> And I'm surprised how many people claim to love #:keyword.  (The engineering 
> opposition to any non-backward-compatible change was entirely predictable, 
> but I assumed only a small percentage would actually prefer #:keyword, due to 
> familiarity or different aesthetic wiring, and that around half the people 
> would be indifferent to the change.)

I was going to refrain from saying anything more on this subject (I didn’t 
respond to the survey at all), but this point interested me. I realized that 
I’ve grown fond of #:keyword, and I didn’t have any idea why. There have been 
many times that I’ve found it clunky, or that I’ve missed Clojure or Ruby’s 
:keywords.

That’s when I realized: Racket doesn’t use its keywords like those languages 
do.

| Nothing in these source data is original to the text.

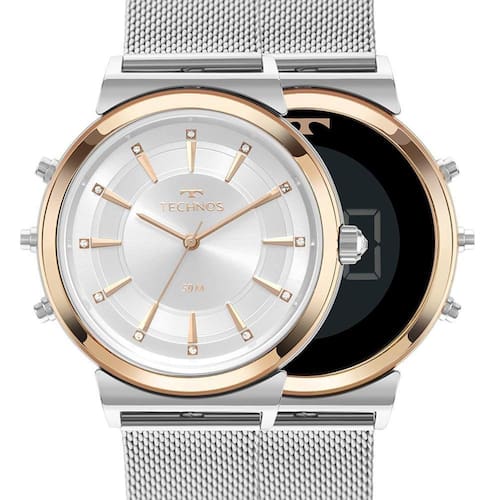 Coleção Curvas Cor Prata Formato Redondo Tipo de Tela Analógico, Digital Resistência 50 metros Calendário Sim Material do Vidro Cristal Mineral Material da Caixa Aço Material da Pulseira Aço Tamanho da Caixa 40 m Espessura da Caixa 12 mm Tamanho da Pulseira 21 cm Peso 103 g
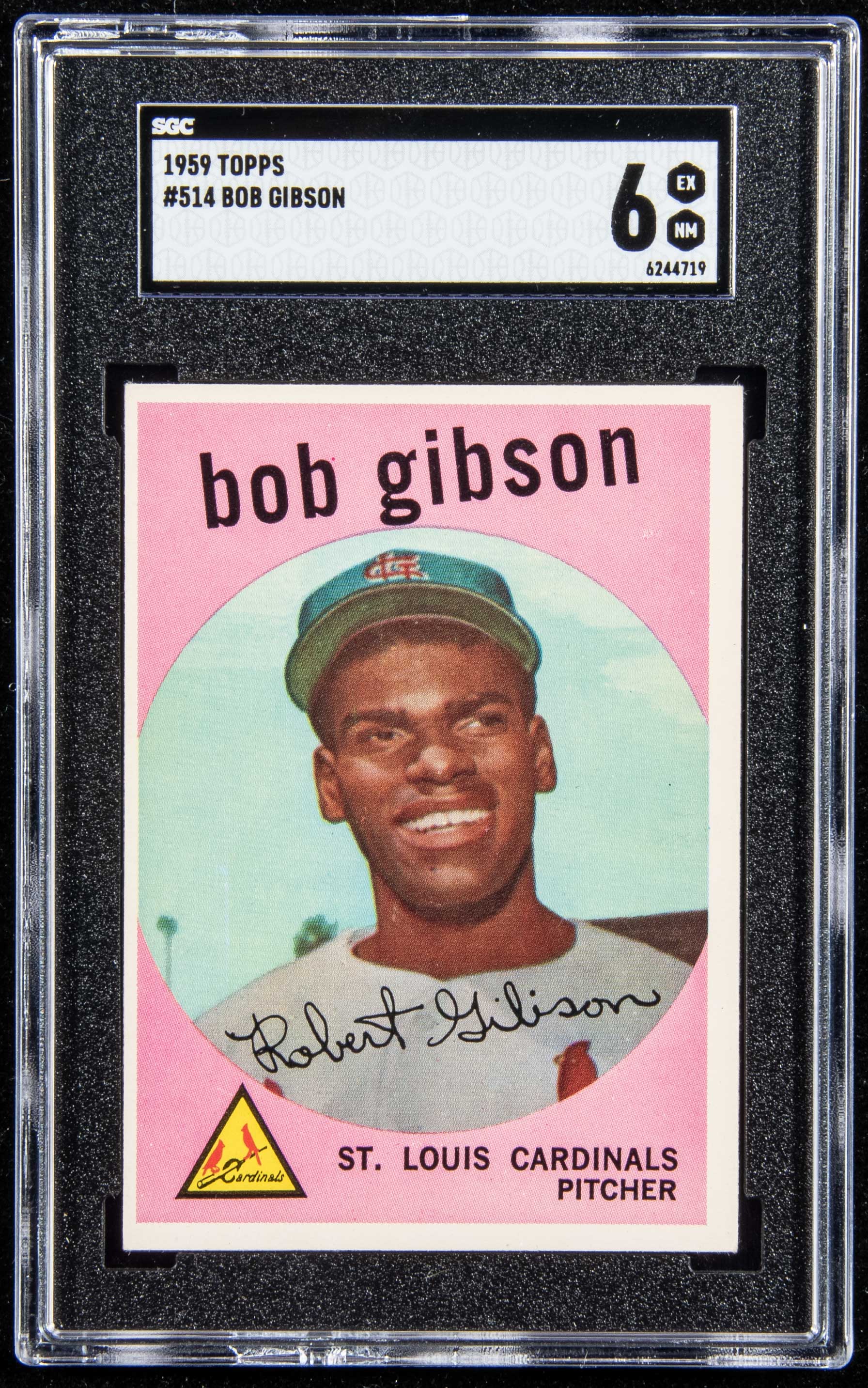 1959 Topps #514 Bob Gibson Rookie (SGC 6 EX-NM). Key Rookie card is in outstanding condition with centering that accounts for technical downgrade of an otherwise superior example" SGC 6 EX NM
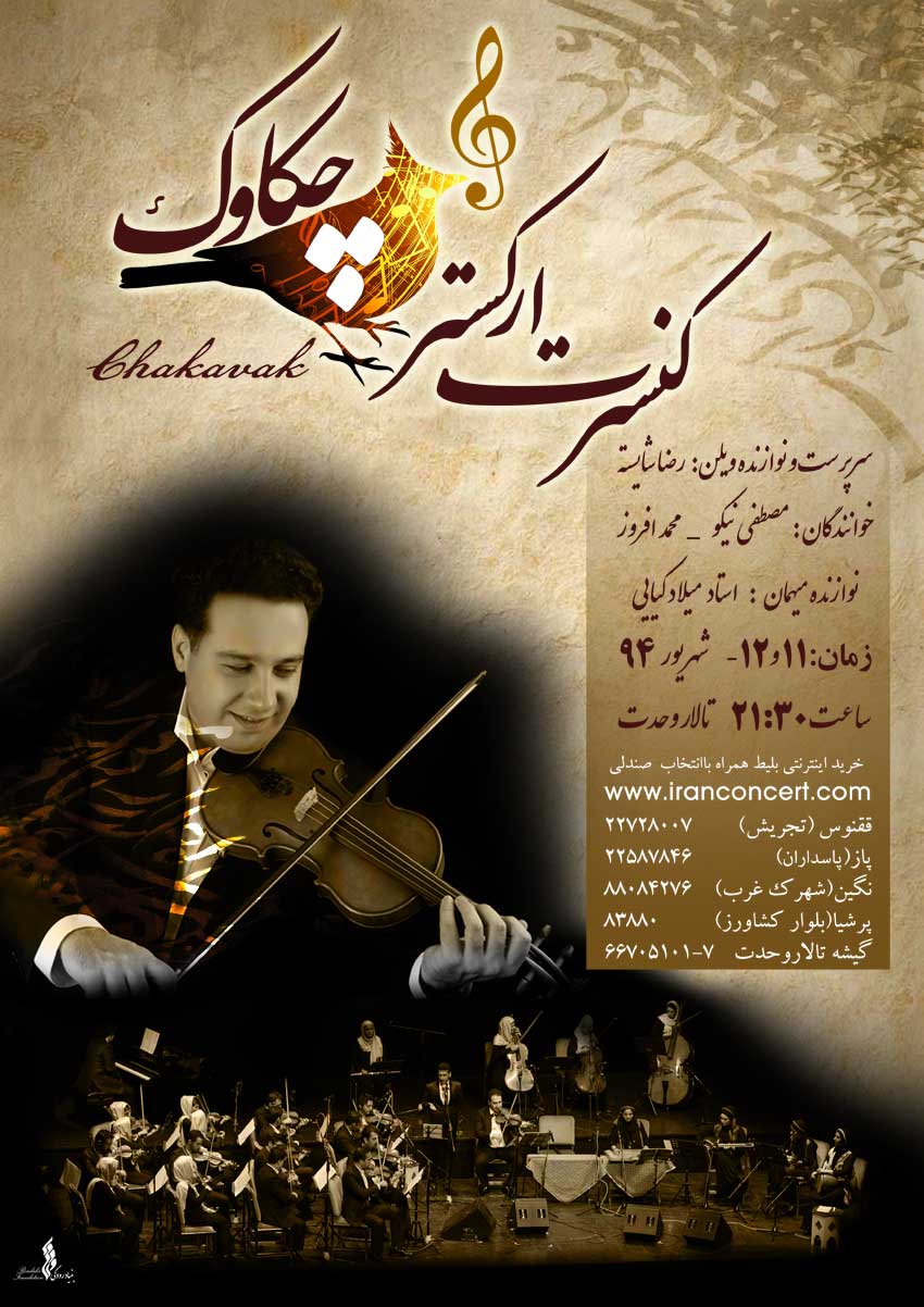ارکستر «چکاوک» به سرپرستی رضا شایسته در شامگاه 14 شهریورماه در تالار وحدت به رهبری رضا شایسته روی صحنه رفت و قطعاتی خاطره انگیز از موسیقی ایرانی را اجرا کرد. ایرج خواجه امیری، مرجانه گلچین، افسانه بایگان، عبدالرضا اکبری، بهزاد رحیم خانی، رضا فیاضی، جلیل فرجاد و … از جمله چهره های آشنایی بودند که در این کنسرت حضور داشتند. در این کنسرت، قطعه هایی از استادان اسدالله ملک، روح الله خالقی، فضل الله توکل، بزرگ لشکری و عباس شاپوری اجرا شد.
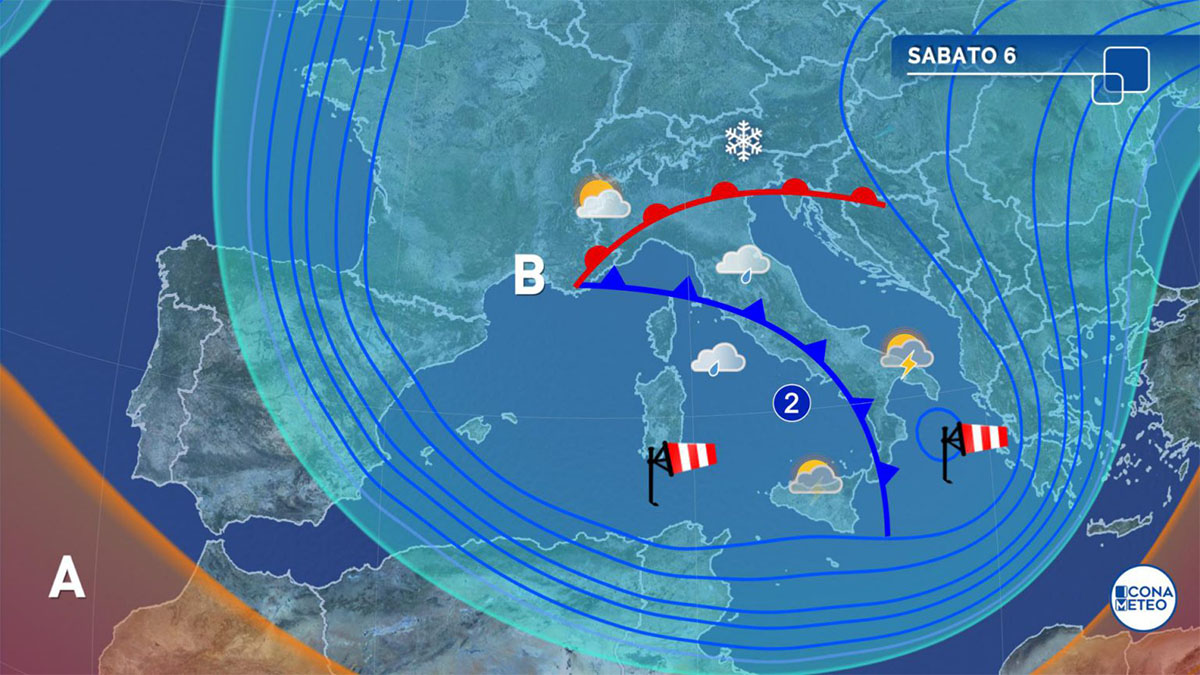 Il giorno dell’Epifania (sabato 6 gennaio) sarà caratterizzato dal passaggio di un’intensa perturbazione che raggiungerà l’Italia il 5 gennaio. Il sistema perturbato darà vita a un profondo vortice ciclonico, causando maltempo diffuso e venti molto forti. Le raffiche potranno raggiungere i 100 km/h nelle zone più esposte. Dopo giornate di relativa calma meteo le Alpi vedranno finalmente il ritorno della neve, con nevicate copiose previste specie tra venerdì 5 e sabato 6.
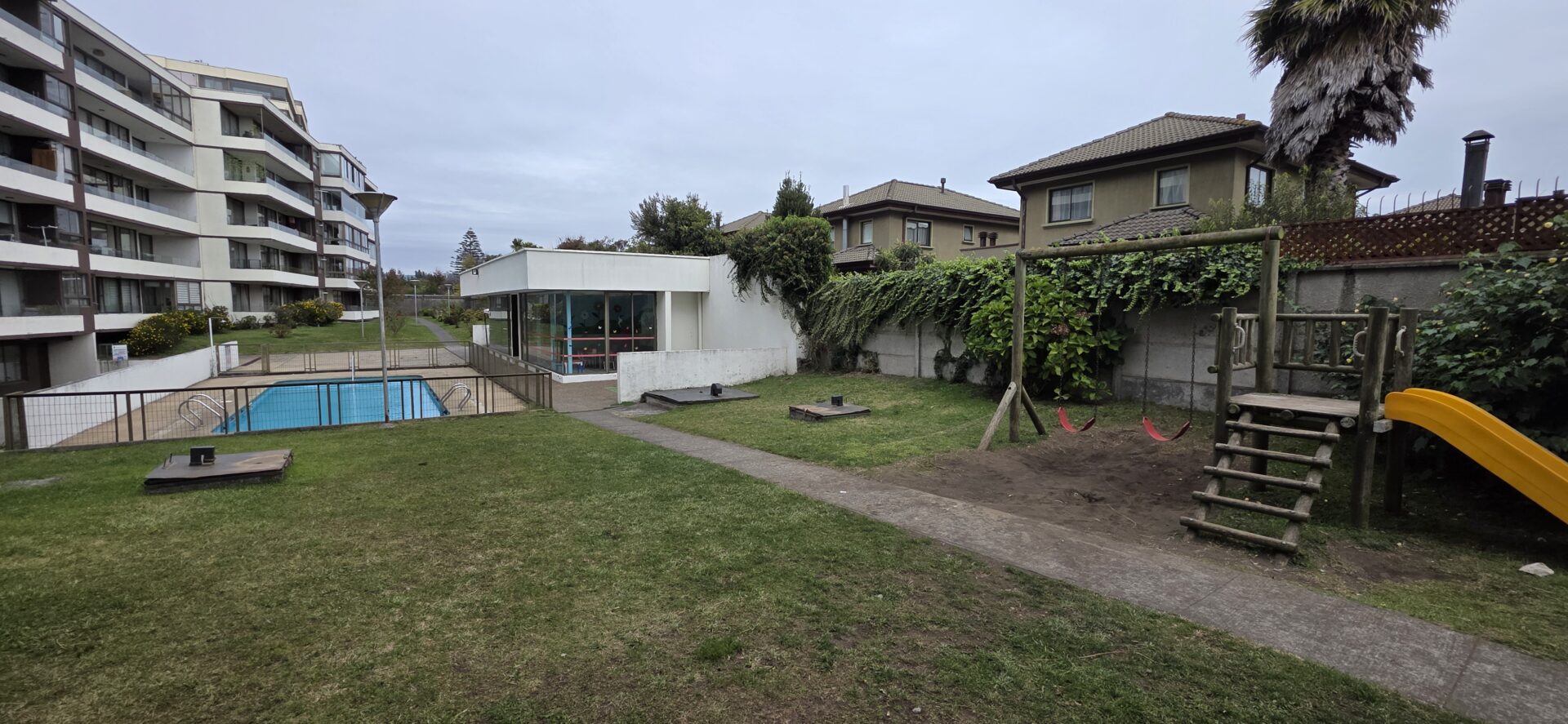 El edificio cuenta con ascensor, amplias áreas verdes, piscina, gimnasio, lavandería, sala de usos múltiples, quincho, sala de estudio, juegos infantiles, portón automático, conserjería 24 hrs, control de accesos.
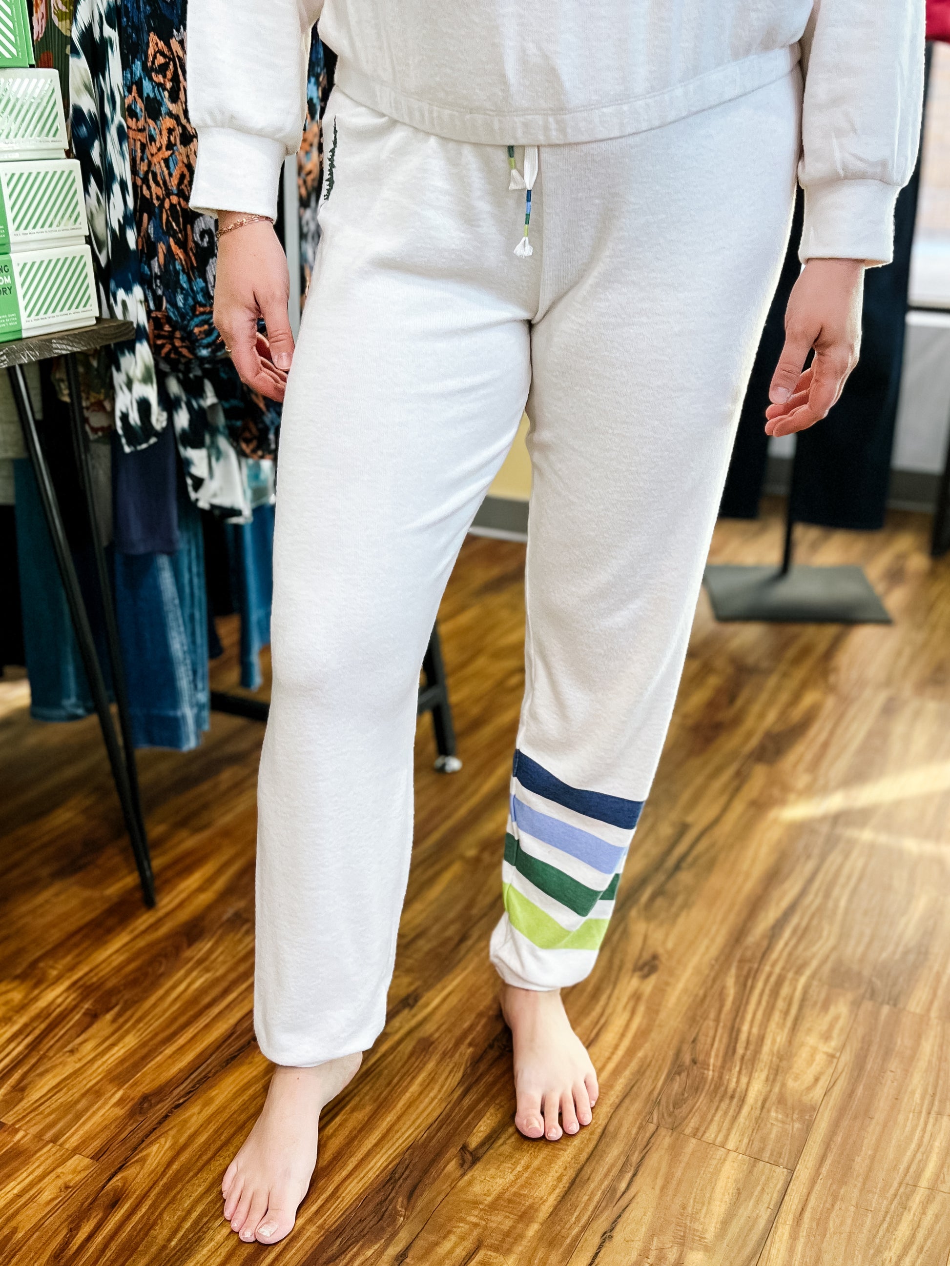 Product Description: These ultra-soft oatmeal joggers feature a machine-embroidered tree on the hip and playful blue and green stripes down one leg, adding a fun, outdoorsy touch. With a drawstring waistband, decorative stitching on the ties, a 10" rise, and a 30" inseam, they offer a relaxed, comfy fit. Pair them with the matching Outsider hoodie for a coordinated, cozy set perfect for lounging, casual days, or weekend adventures.

Clojure uses them constantly—it uses them wherever Racket would usually use 
symbols—and Rails has elevated Ruby’s symbols above literal strings in pure 
frequency (for better or for worse).

In Ruby, I can do `x = :kw`. In Clojure, I can do (def x :kw). In Racket, I 
have to do (define x '#:kw), and that is really awful. I need not one but 
three(!) symbols in front of my raw identifier, and the level of syntactic 
noise is pretty atrocious. As a side effect of both this and the traditional 
use of symbols in scheme for this purpose, Racket pretty much only uses 
keywords for one thing: keyword arguments.

In Racket, a bare #:keyword used as an expression is not just useless, it is a 
syntax error. A Racket programmer is trained to see keywords in function 
application alone, so (foo #:kw bar) looks fine, but (foo #:kw) looks weird. 
They always need to be paired with a value. With keywords so integrally 
associated with function application syntax, I’ve grown to think of keywords as 
syntax, never as runtime values, and the hash prefix reinforces this. Heck, 
even syntax/parse’s :expr syntax class rules out keywords! They are little 
syntactic tags, nothing more.

For me, this is actually fine. I don’t really mind the verbosity, though making 
keyword arguments prettier would be nice to have. However, if you are arguing 
for using keywords as runtime values, that’s an entirely different story... 
though it does raise the question of how they should be special-cased in 
function application for keyword arguments (both Ruby and Clojure effectively 
transform keyword arguments into a single hash argument, rather than making 
“keyword procedures” that have some special magic).

Basically: keywords are very different in Racket. I don’t know much CL, so I 
can’t speak to that, but I think there’s more going on here than syntax. If 
that’s the case, omitting a hash would only solve a portion of the problem... 
and Racket programmers might not view their keywords in the same light as those 
from other languages. I certainly didn’t.

Sorry for the rambling... but maybe some food for thought.